Giovanna1664 21/04/2024
Saudosismo e impotência.
Kazuo sempre me traz sentimentos muito conflitantes em suas obras. Acho que é mais por conta da forma como ele as conta parece que está te colocando dentro das entranhas da história, mas não de uma forma acelerada cheia de plot twists ou reviravoltas, mas de uma forma suave, branda e tocante.
A leitura dele é para aqueles que admiram o pequeno, o suave, as entrelinhas, o desenvolvimento das vidas narradas. É sobre indagar a importância das memórias, dos laços e tentar entender o que nos torna humanos, seres com alma, conscientes e vivos. E esse é o maior questionamento que resta ao final desse livro. O que nos torna seres humanos?

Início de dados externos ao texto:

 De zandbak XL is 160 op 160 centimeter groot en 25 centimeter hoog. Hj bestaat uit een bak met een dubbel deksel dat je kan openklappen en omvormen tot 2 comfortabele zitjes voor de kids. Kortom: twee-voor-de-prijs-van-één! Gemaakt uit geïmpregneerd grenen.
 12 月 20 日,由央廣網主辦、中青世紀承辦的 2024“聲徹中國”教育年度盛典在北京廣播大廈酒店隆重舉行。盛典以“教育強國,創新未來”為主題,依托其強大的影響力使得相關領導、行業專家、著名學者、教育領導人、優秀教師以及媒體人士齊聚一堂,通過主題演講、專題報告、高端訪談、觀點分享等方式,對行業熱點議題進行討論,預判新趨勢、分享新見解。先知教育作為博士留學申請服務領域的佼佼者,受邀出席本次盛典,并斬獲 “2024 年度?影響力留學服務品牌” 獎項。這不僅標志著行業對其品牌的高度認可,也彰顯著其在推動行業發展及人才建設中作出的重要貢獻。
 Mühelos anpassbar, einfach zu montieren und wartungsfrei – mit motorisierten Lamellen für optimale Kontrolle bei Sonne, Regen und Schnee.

Aqui acompanhamos a história de Kate e seus dois amigos, Tommy e Ruth, crianças que crescem juntas em Hailsham e são ensinadas com o único objetivo de no futuro doarem seus órgãos a outras pessoas. Essa informação tão crucial é nos fornecida no início e sem muitas explicações somos jogados as coisinhas do cotidianos, lembranças de Kate enquanto criança/adolescente quando ainda não era ciente de toda conjectura, vemos então suas meninices, amizades, medos, paixões e nos afeiçoamos a ela, mesmo que se perguntando se tanta ladainha teria sentido, ler tantas memórias afetivas queridas por outro alguém, enquanto fica as cegas de onde eles vieram, qual o real objetivo disso, como tudo começou e etc.

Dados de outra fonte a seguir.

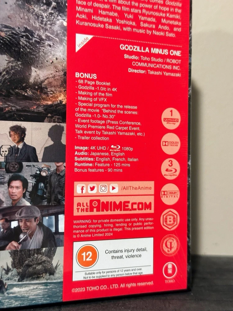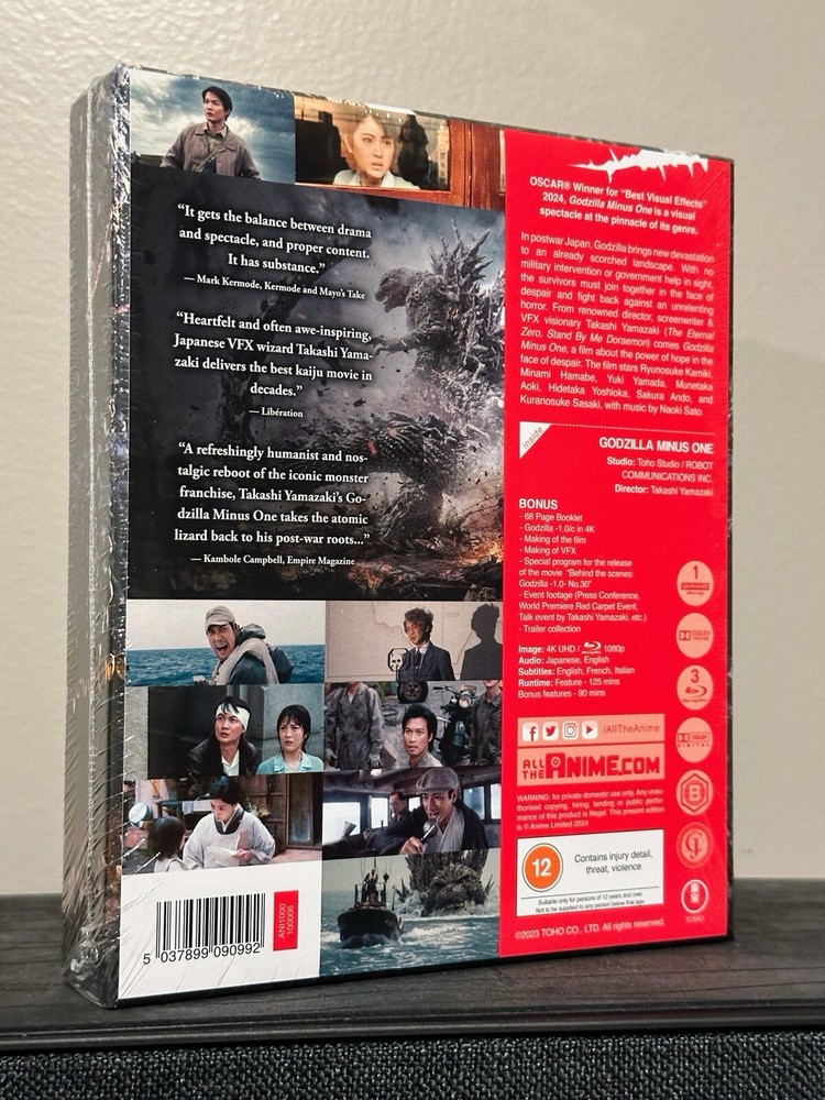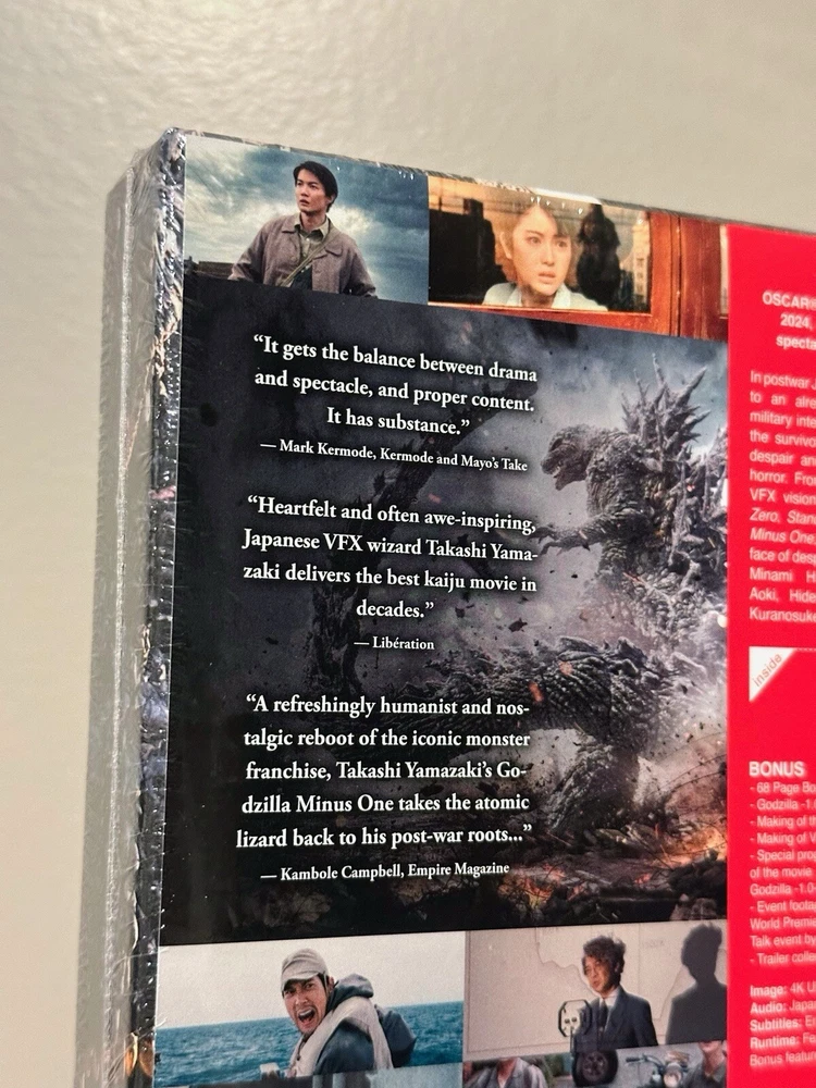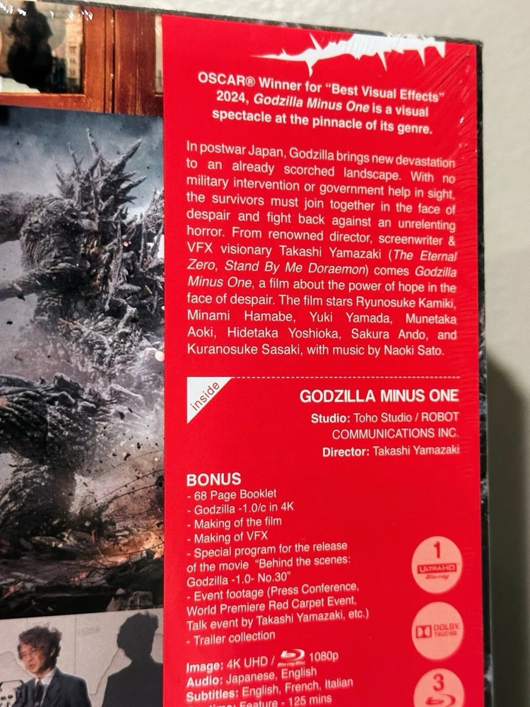Item is new and mint condition! Ships with bubbly wrap, packing paper and box for safe, worldwide shipping. Get it while you can! Enjoy, ConnorCollects PRODUCT INFORMATION In postwar Japan, Godzilla brings new devastation to an already scorched landscape. With no military intervention or government help in sight, the survivors must join together in the face of despair and fight back against an unrelenting horror. From renowned director, screenwriter & VFX visionary Takashi Yamazaki (The Eternal Zero, Stand By Me Doraemon) comes Godzilla Minus One, a film about the power of home in the face of despair. The film stars Ryunosuke Kamiki, Minami Hamabe, Yuki Yamada, Munetaka Aoki, Hidetaka Yoshioka, Sakura Ando, and Kuranosuke Sasaki, with music by Naoki Sato. FEATURES: 64-page booklet Collector's packaging Godzilla Minus One / Minus Color Making of the film Making of VFX Special program for the release of the movie “Behind the scenes: Godzilla -1.0- No.30 Toifumono Event footage (Press Conference, World Premiere Red Carpet Event, Talk event by Takashi Yamazaki, etc.) Trailer collection

Mas é aí que mora as respostas de tudo, um ser humano é composto de alma, e sua alma é formada por suas experiências e lembranças, como poderia então entendermos o dilema da criação desses seres se não vissemos suas almas desnudas e percebessemos que somos impotentes quando eles são taxados como coisas e não pessoas, hostilizados e segregados, alienados ao ponto de achar que sua única função é doar até a morte. E essa trama se enreda de tal forma que é impossível não se sentir menos humano quando Kate embala seu bebê imaginário ou então quando Tommy grita após perceber que não há alternativa, eles nunca teriam a chance de viver. E essa é a segunda sensação principal, a impotência. É saber que não há nada mais a ser feito.
E então no final só restam as memórias e Kate, e sua alma cheia de pessoas, lugares e memórias vagando, lembrando e amando. Não como um clone mas como ser humano individual, único e vivo cumprindo sua função até o fim dos seus dias.
Kazuo traz então uma enxurrada de emoções de novo para mim com sua escrita calma e limpa, me fazendo novamente pensar sobre a importância das lembranças, de se viver ao máximo, de amar enquanto há tempo e entender que o amor não é tão simples.